Es interesante ver cómo muchas de esas descalificaciones que menciona Santos han sido utilizadas también en contra de las mujeres, especialmente de las mujeres indígenas. El “pensamiento abismal” somete a la esterilización y anticoncepción forzada a aquellas mujeres consideradas “ignorantes” que no saben del espaciamiento de los hijos y de la sobrepoblación; tilda a las mujeres indígenas de “retrasadas” porque no saben castellano o inglés; las considera “inferiores” frente al hombre y a la mujer de la ciudad con estudios oficiales; reduce y “particulariza” sus problemas a meras políticas públicas que hablan de la “cuestión indígena” como algo aislado y no sistémico; considera a las mujeres demasiado reproductivas pero muy “improductivas” económicamente (Espericueta y de la Fuente 2020); etc. Es por ello por lo que en el feminismo comunitario encontramos una intención manifiesta de traspasar esa línea abismal que como un látigo ha azotado a sus cuerpos y a sus comunidades. Se vuelve entonces conveniente dejar atrás el paradigma de la línea y comenzar a hablar de otras figuras, como el círculo.

Al igual que muchas tradiciones antiguas, el feminismo comunitario concibe la temporalidad como circular.
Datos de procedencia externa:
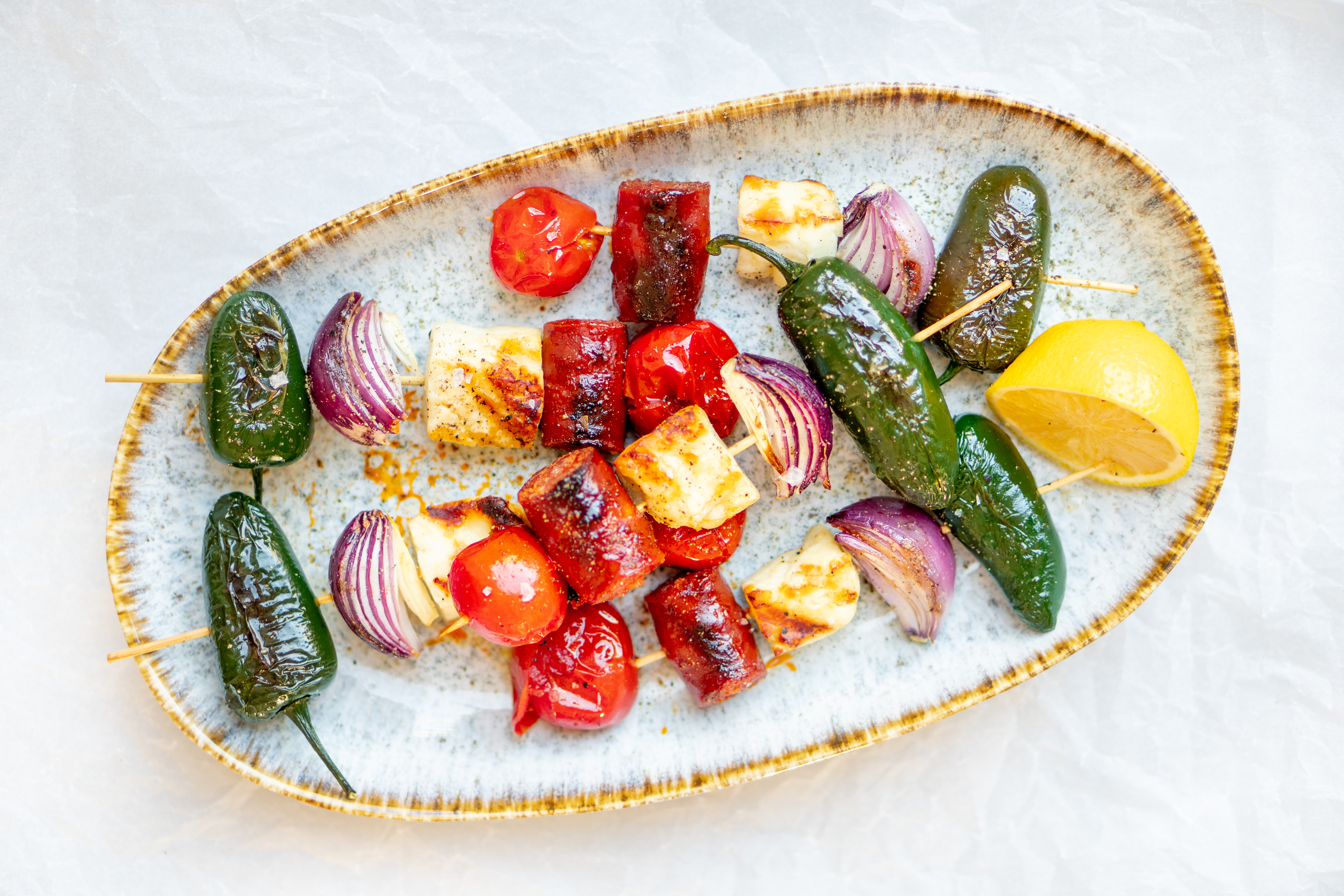 Mediterrane barbecuespiesjes met halloumi & chorizo

En ese círculo puede existir una “ecología de los saberes” (Santos 2010), pero además una ecología de la biosfera. Lo anterior implica reconocer otras temporalidades, incluso temporalidades no-humanas, como las de los animales y las plantas. Respetar la diversidad temporal conlleva, a su vez, asumir los procesos inherentes a esta. En consecuencia, es necesario tomar conciencia de que el tiempo es un elemento inseparable de la materia y por lo tanto debe ser defendido como un derecho natural. En este tenor, las feministas bolivianas (Paredes y Guzmán 2014, 98-9) señalan la importancia del autoconocimiento y la identificación de una especie de biorritmo; asimismo, abogan por la recuperación del tiempo con el objetivo de poder sembrar, cultivar, cuidar y cosechar nuestros cuerpos y nuestras comunidades.

 

4.4. La Memoria

La memoria podría ser considerada como una consecuencia de la defensa del tiempo arriba enunciada. Como veremos, recuperar el pasado llega a ser aquí una consigna, no solo política o epistemológica, sino también ecológica.
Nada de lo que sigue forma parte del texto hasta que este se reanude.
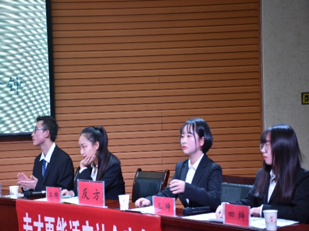 缦立浅笑娓娓谈,材子佳人口吐兰。双方辩手思维清晰,逻辑严密,角度刁钻,分析透彻,反应迅速,在接下来的攻辩环节里,正方充分的介绍了全才的社会竞争力,反方则从专才的社会价值与贡献切入,明确的指出了“专才更能适应社会的竞争”。自由辩论环节双方辩手你来我往,互不相让,引经据典,才辩无双,一次次地将辩论赛的节奏推向高潮。

Las feministas comunitarias aseveran que no es suficiente con descolonizar el pasado y recobrar la “memoria larga” enunciada desde el indigenismo ya que, utilizando la categoría de “victimización histórica situada”, es posible visibilizar el pasado patriarcal existente en las comunidades originarias. Es decir, su objetivo, además de la descolonización del pasado, es su despatriarcalización. Frente a una genealogía dirigida por las directrices patrilineales, las feministas comunitarias hablan de una “femealogía” (Cabnal 2010, 24).
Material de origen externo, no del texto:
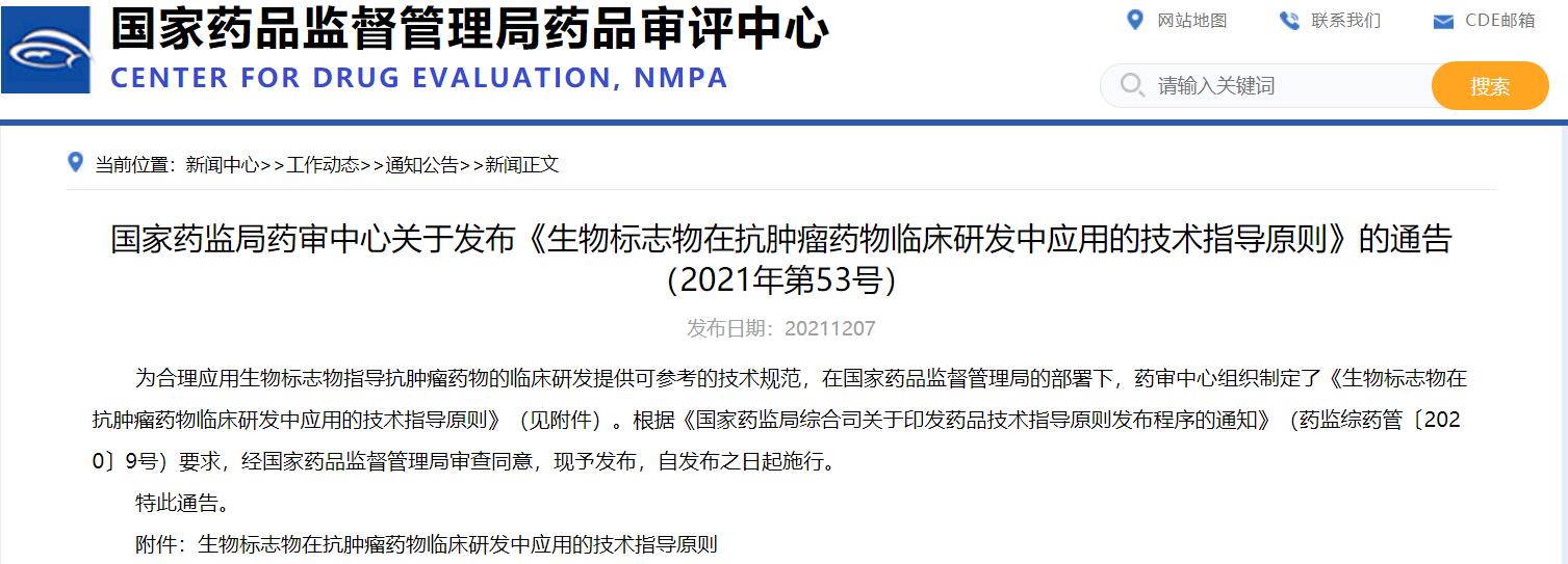 國家藥監(jiān)局藥審中心關(guān)于發(fā)布《生物標(biāo)志物在抗腫瘤藥物臨床研發(fā)中應(yīng)用的技術(shù)指導(dǎo)原則》的通告(2021年第53號)

Hacer femealogía consiste en visibilizar la historia de las mujeres, rescatar sus saberes, redimir sus experiencias, reanudar sus luchas, así como reconocer sus aciertos y errores. La femealogía intenta unir las vivencias de las mujeres, no como una mera serie de anécdotas aisladas, sino como unas raíces que nutren al árbol de las luchas feministas actuales, representadas en diversas ramificaciones.

Las feministas comunitarias de Guatemala, haciendo femealogía con las abuelas de la comunidad, se han dado a la tarea de recuperar poco a poco la lengua xinca, la cual había sido desplazada casi por completo por el castellano. De igual modo, buscando acabar con la hambruna imperante en su región y utilizando técnicas agroecológicas, han rescatado algunas semillas que estaban en peligro de extinción (Cabnal 2015).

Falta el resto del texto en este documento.